Intel revives LGA 1700 with Bartlett Lake P‑core‑only CPUs, targeting embedded markets

Intel’s Bartlett Lake line arrives as an eleven‑SKU family that repurposes the LGA 1700 socket—originally introduced with 12th‑Gen Alder Lake and carried through to 14th‑Gen Raptor Lake—into a pure‑performance‑core (P‑core) platform aimed at embedded and edge workloads. The three core‑count families (12, 10 and 8 cores) are each offered at three thermal design power (TDP) envelopes—125 W, 65 W and 45 W—yielding a total of 11 distinct SKUs, according to Tom’s Hardware. The highest‑end 12‑core “Core 9 273PQE” runs at 3.4 GHz base and 5.9 GHz boost, delivering a 5.3 GHz all‑core boost frequency and 36 MB of combined L2/L3 cache, while the low‑power 45 W “Core 9 273PTE” scales down to a 1.4 GHz base and 5.5 GHz boost with the same cache size. All variants support DDR5‑5600 memory and 32‑EU integrated graphics, preserving the I/O and platform features that existing LGA 1700 motherboards already provide.

The decision to drop the efficiency cores (E‑cores) that have defined Intel’s consumer‑grade hybrid architecture since Alder Lake is explicitly tied to the latency‑sensitive nature of many embedded applications. As Tom’s Hardware notes, a heterogeneous core mix introduces scheduling complexity that can hinder deterministic performance, whereas a homogeneous P‑core design simplifies thread allocation and reduces jitter. This architectural simplification is complemented by Intel’s inclusion of Long‑Term Servicing Contract (LTSC) support for Windows, as well as Time‑Coordinated Computing (TCC) and Time‑Sensitive Networking (TSN) extensions, features that are critical for mission‑critical deployments such as industrial automation, transportation control systems, and edge AI inference.
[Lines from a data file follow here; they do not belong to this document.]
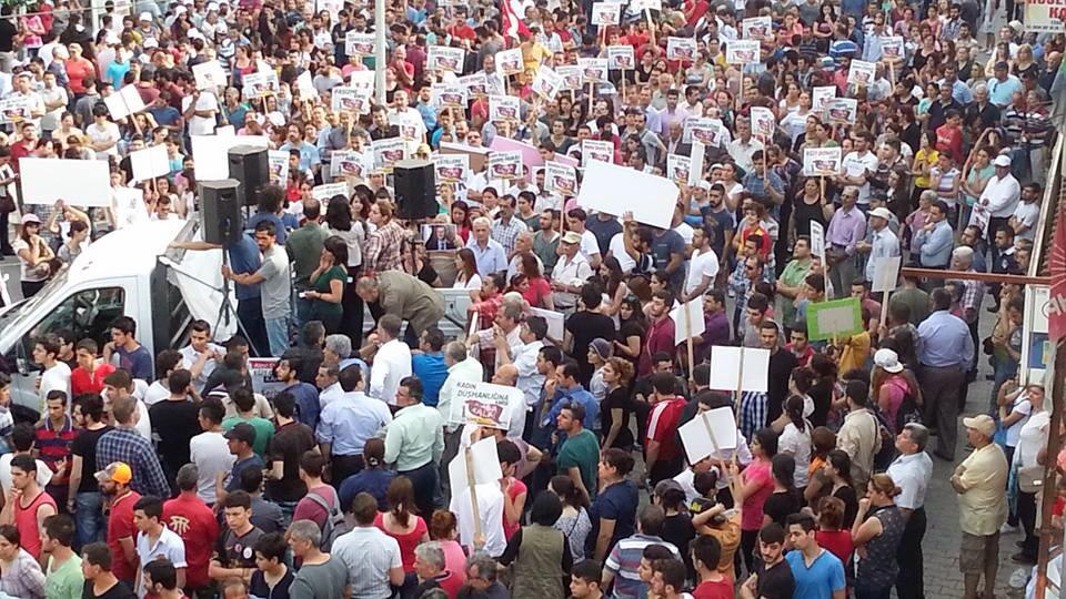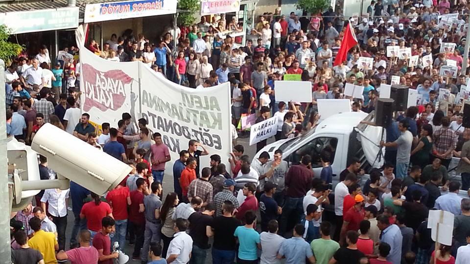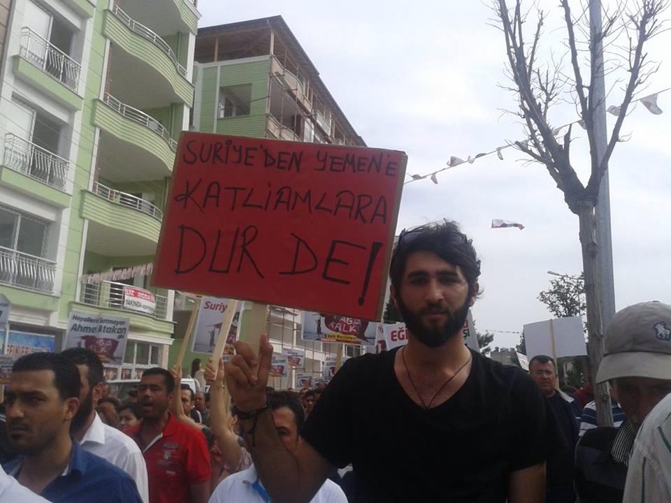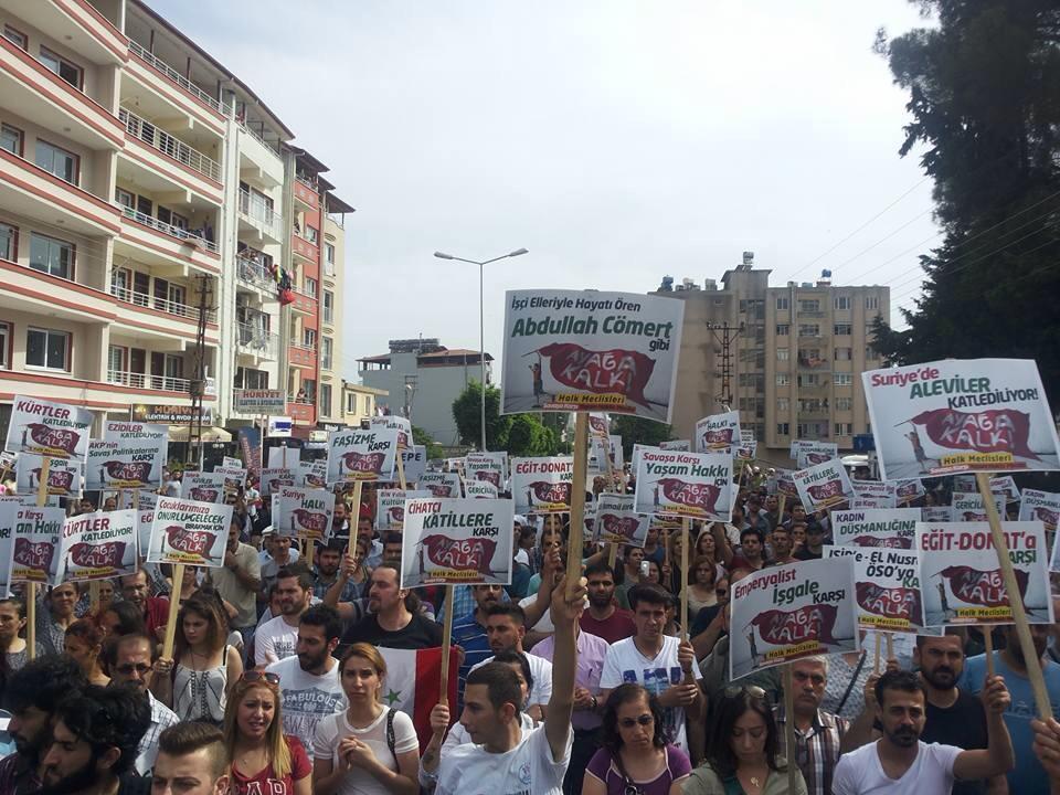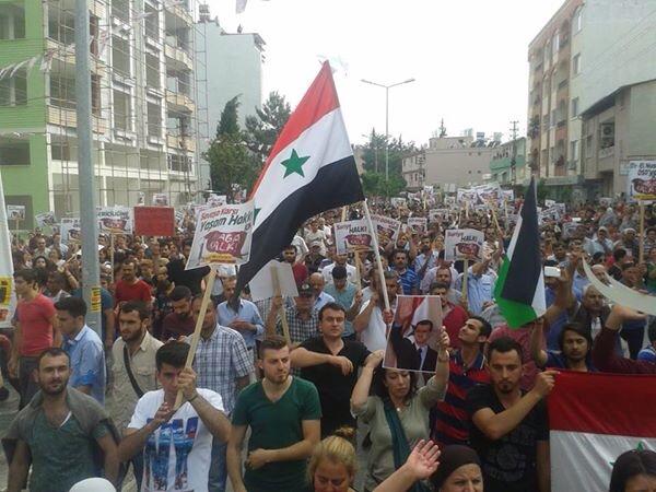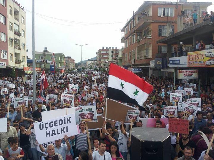Antakya-Serinyol’da binlerce kişi Suriye’ye destek için yürüdü.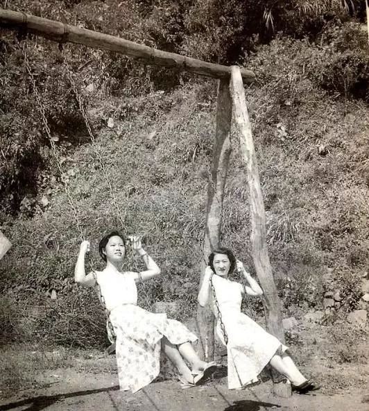 山中生活的乐趣,需要自己创造,张学良给她做了个超大的秋千。朋友来访,一起荡着玩。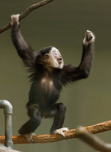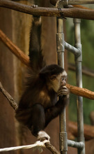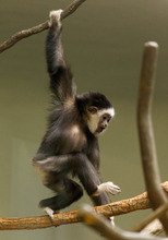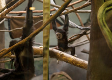 Now, both parents dote on the boy. When they move around the exhibit case, one parent is in front of him, one behind. As he plays in the tangle of vine branches, one parent is up above, the other down below. "They baby-sit, groom and play with him all day," Richins-Benson said. "They are the best parents."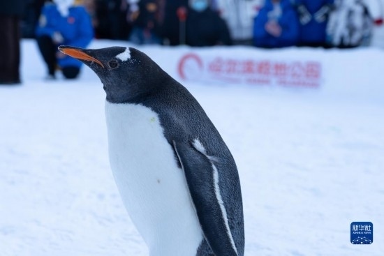 12月3日,在哈爾濱極地公園戶外冰雪巡游的企鵝吸引游客圍觀。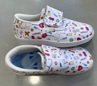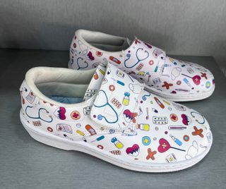 Zuecos de piel con un divertido estampado de motivos médicos. Son cómodos y prácticos. - Estampado multicolor sobre fondo blanco. - Cierre de velcro. - Tallas disponibles: 38, 39, 40.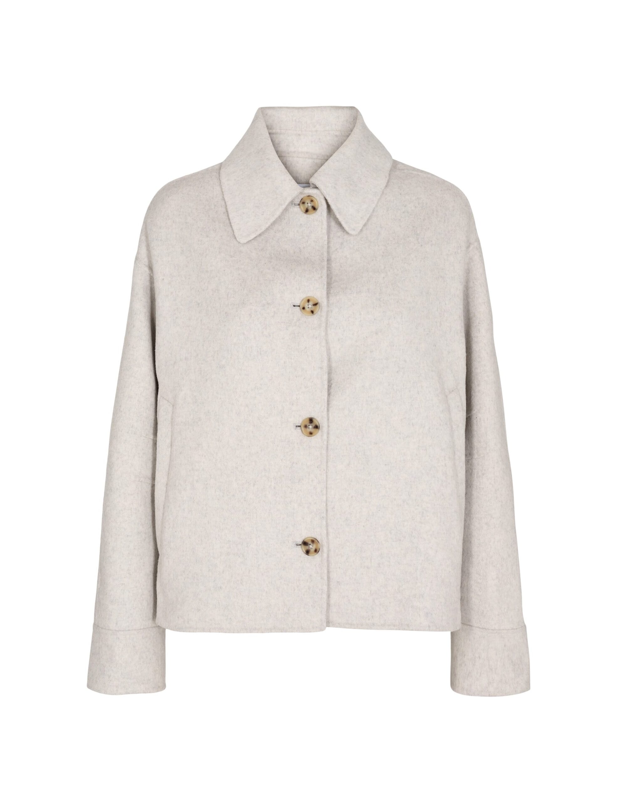 Skjortejakke fra Leveté Room i klassisk design og ullblanding. Den har lommer i sidene, knapper i front og skjortekrage. Passer til det meste!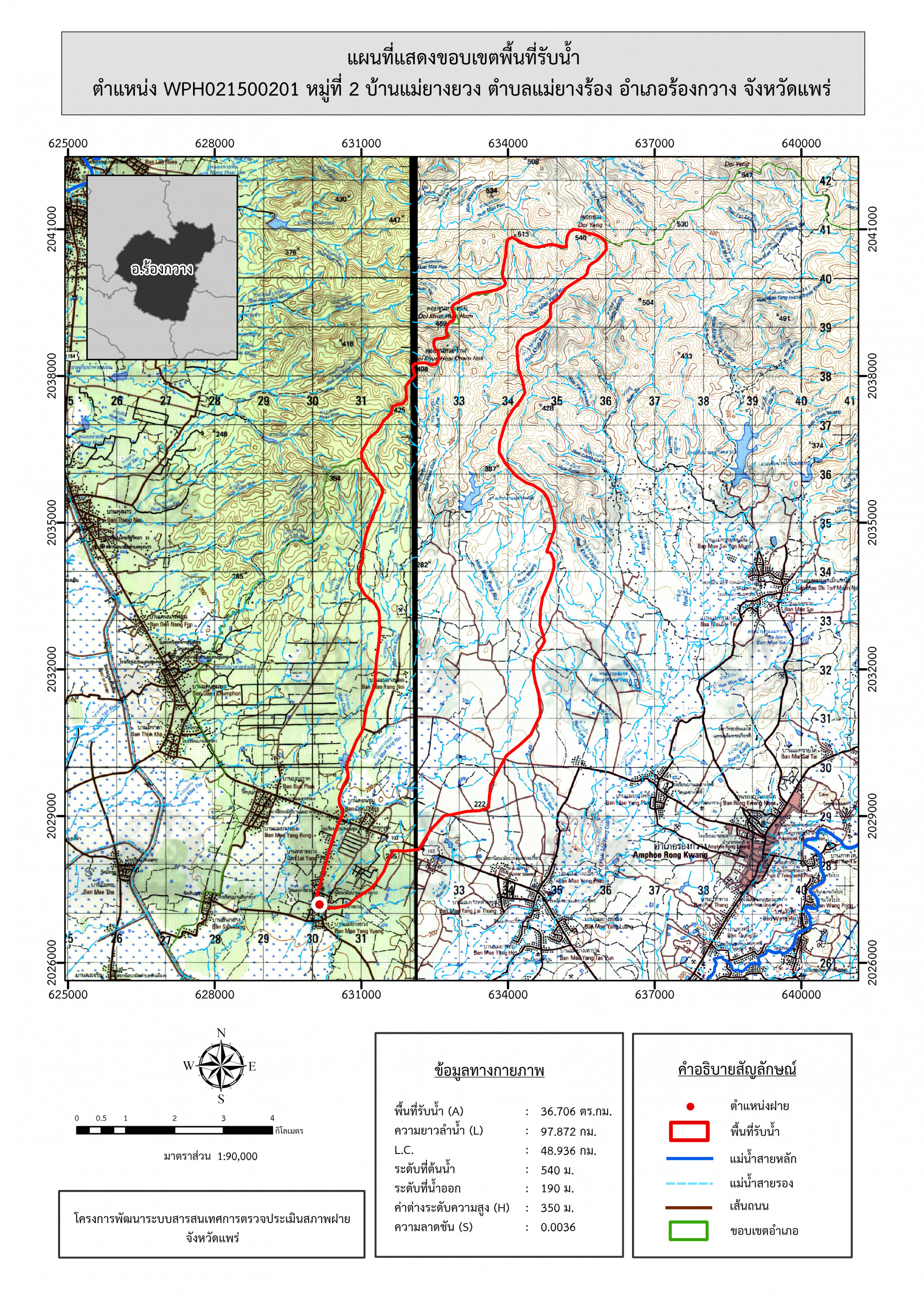 รูปภาพแผนที่แสดงขอบเขตพื้นที่รับน้ำ

From a power‑efficiency standpoint, the 65 W and 45 W SKUs include “Core 5” variants that trim 200 MHz off both base and boost clocks relative to their higher‑clocked siblings, providing finer granularity for OEMs that must balance thermal envelopes against compute density. For example, the 65 W “Core 5 213PE” offers an 8‑core/16‑thread package at 2.7 GHz base and 5.2 GHz boost, while the 45 W “Core 5 213PTE” drops to a 2.1 GHz base and 5.2 GHz boost. All models retain the same 5600 MT/s DDR5 bandwidth ceiling and 32‑EU graphics block (except the lowest‑power 45 W Core 5 213PTE, which is limited to 24 EUs), ensuring a consistent platform baseline across the product range.
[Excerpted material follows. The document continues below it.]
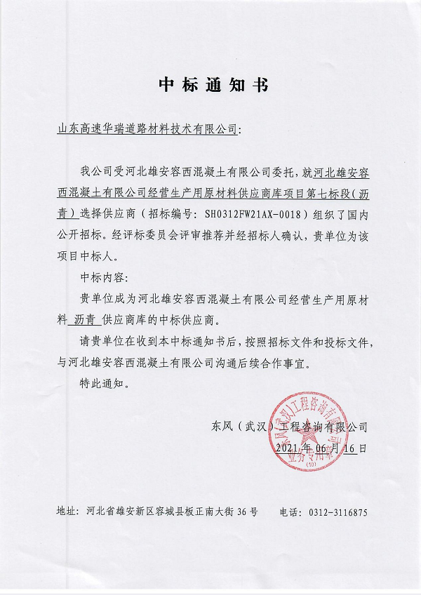 根據(jù)河北雄安容西混凝土有限公司2021年經(jīng)營(yíng)生產(chǎn)需求,瀝青標(biāo)段共需各類瀝青約2萬(wàn)噸(70號(hào)瀝青暫估需求量1.5萬(wàn)噸、改性瀝青SBS I-C暫估需求量0.1萬(wàn)噸、改性瀝青SBS I-D暫估需求量0.4萬(wàn)噸),華瑞公司以第二名的成績(jī)成功入圍其供應(yīng)商庫(kù)。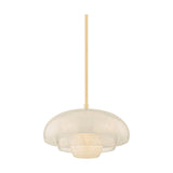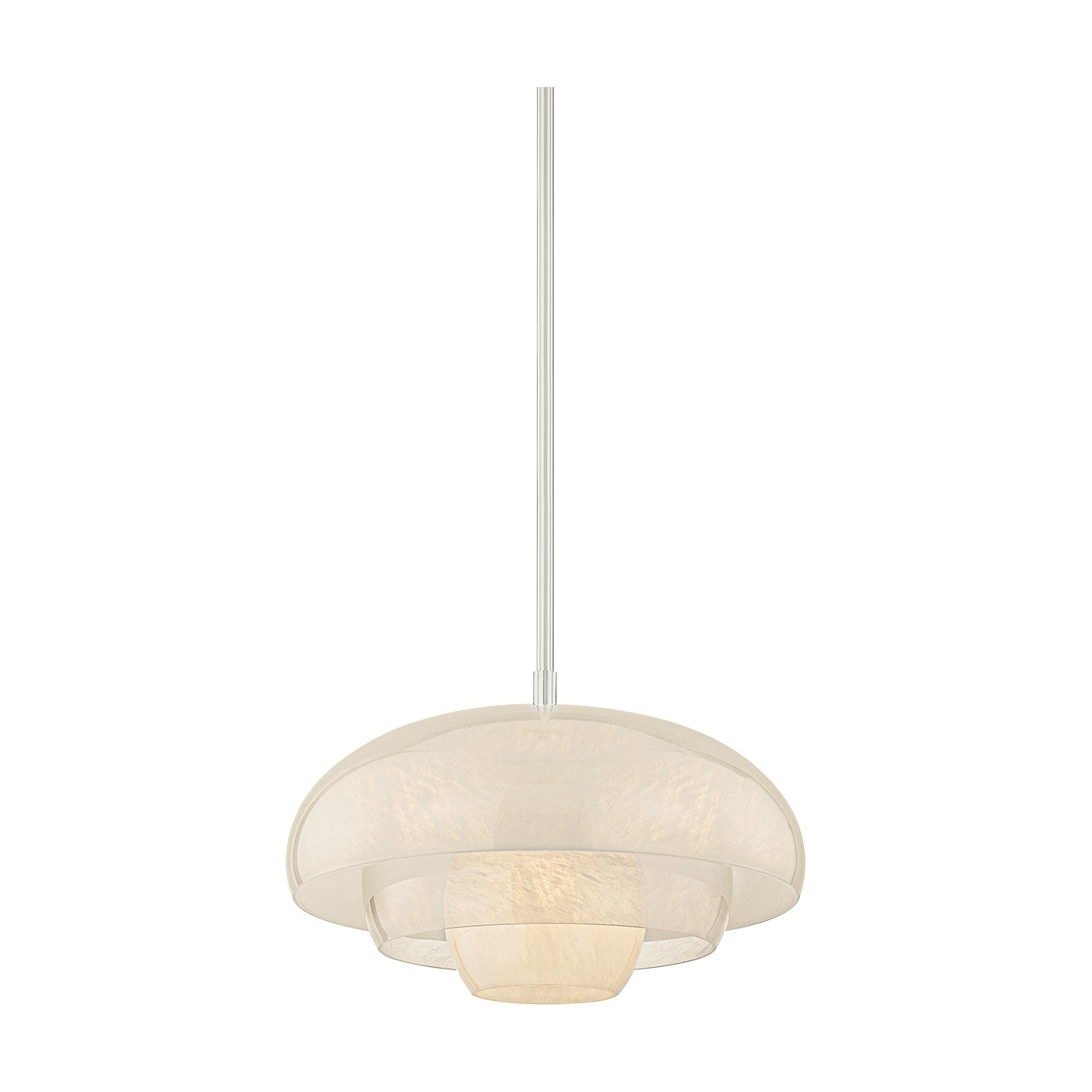 Three nested mushroom shades create the voluminous silhouette of the Auburndale pendant. The layering of clear cloud glass provides levels of ethereal diffusion, softening the light for a more gentle, ambient glow. The metal stem is available in two finishes: Aged Brass for a warm, classic look or Polished Nickel for a more contemporary feel.

Intel’s strategy appears to be twofold: first, to extend the commercial life of the LGA 1700 ecosystem for customers who have already invested in compatible carrier boards and cooling solutions; second, to offer a differentiated compute option for embedded markets that demand high single‑thread performance without the overhead of hybrid scheduling. By leveraging the existing socket, Intel sidesteps the need for a new motherboard form factor, potentially accelerating time‑to‑market for OEMs developing ruggedized or space‑constrained devices. The Bartlett Lake chips also signal that Intel is willing to repurpose its mainstream silicon roadmap for niche segments, a move that could help recoup silicon investment as the company phases out older process nodes.
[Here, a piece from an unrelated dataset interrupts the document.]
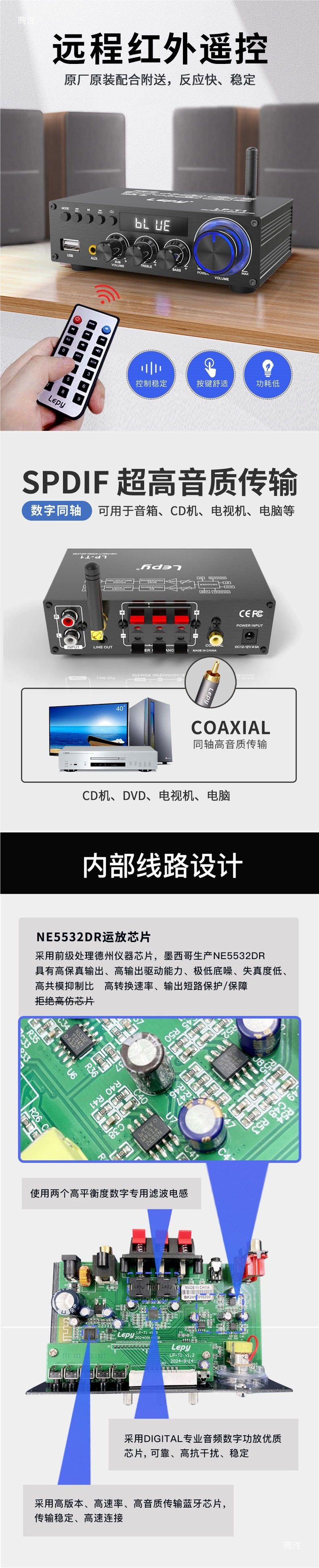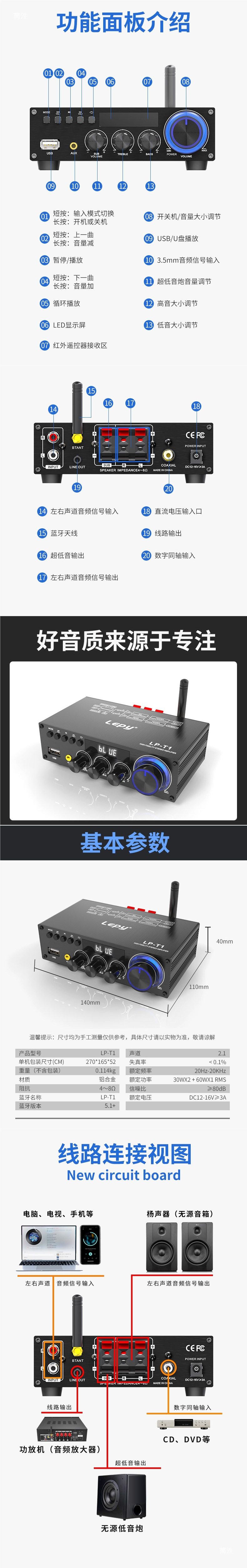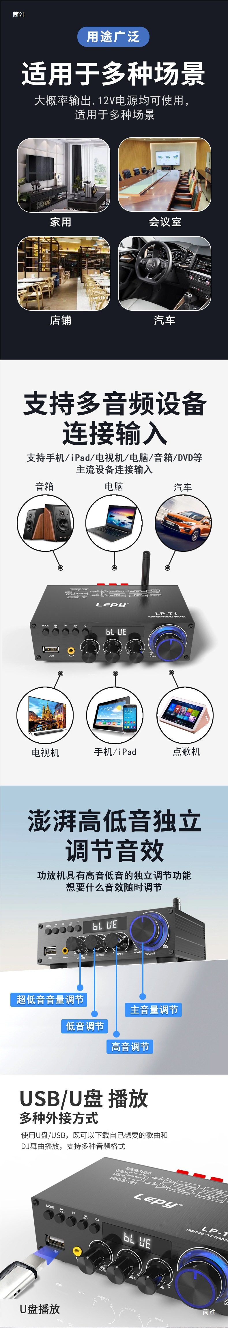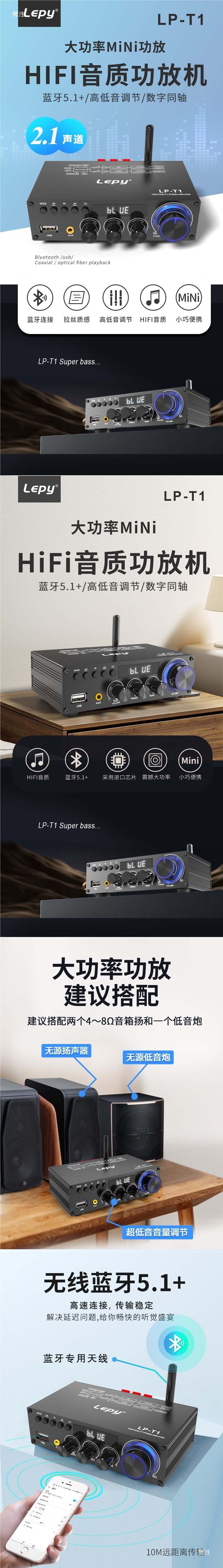 Lepy5.1 Bluetooth Digital Stereo Power Amplifier 2.1 Channel Coaxial USB Disk Lossless Playback Subwoofer t Other

Analysts have long warned that the embedded CPU market is increasingly contested by ARM‑based SoCs, which dominate low‑power and highly integrated designs. Intel’s inclusion of TCC and TSN—capabilities that enable precise time synchronization across distributed systems—aims to differentiate its x86 offering on the basis of deterministic networking and real‑time compute, areas where ARM vendors have historically lagged. While Tom’s Hardware does not provide pricing data, the absence of retail availability suggests these parts will be sold directly to OEMs under volume agreements, mirroring the distribution model used for Intel’s previous Xeon D and Atom‑based embedded lines.

In practice, the Bartlett Lake family gives system integrators a familiar development environment (Intel x86 ISA, existing BIOS/UEFI firmware, and Windows LTSC support) while delivering up to 12 high‑performance cores in a package that can be thermally managed at 125 W or scaled down to 45 W for fan‑less or sealed enclosures. If the chips meet their latency and determinism targets, they could become a compelling alternative to ARM‑centric solutions in sectors such as industrial IoT gateways, automotive telematics, and edge AI inference nodes—segments where Intel’s long‑standing ecosystem and software compatibility remain valuable assets.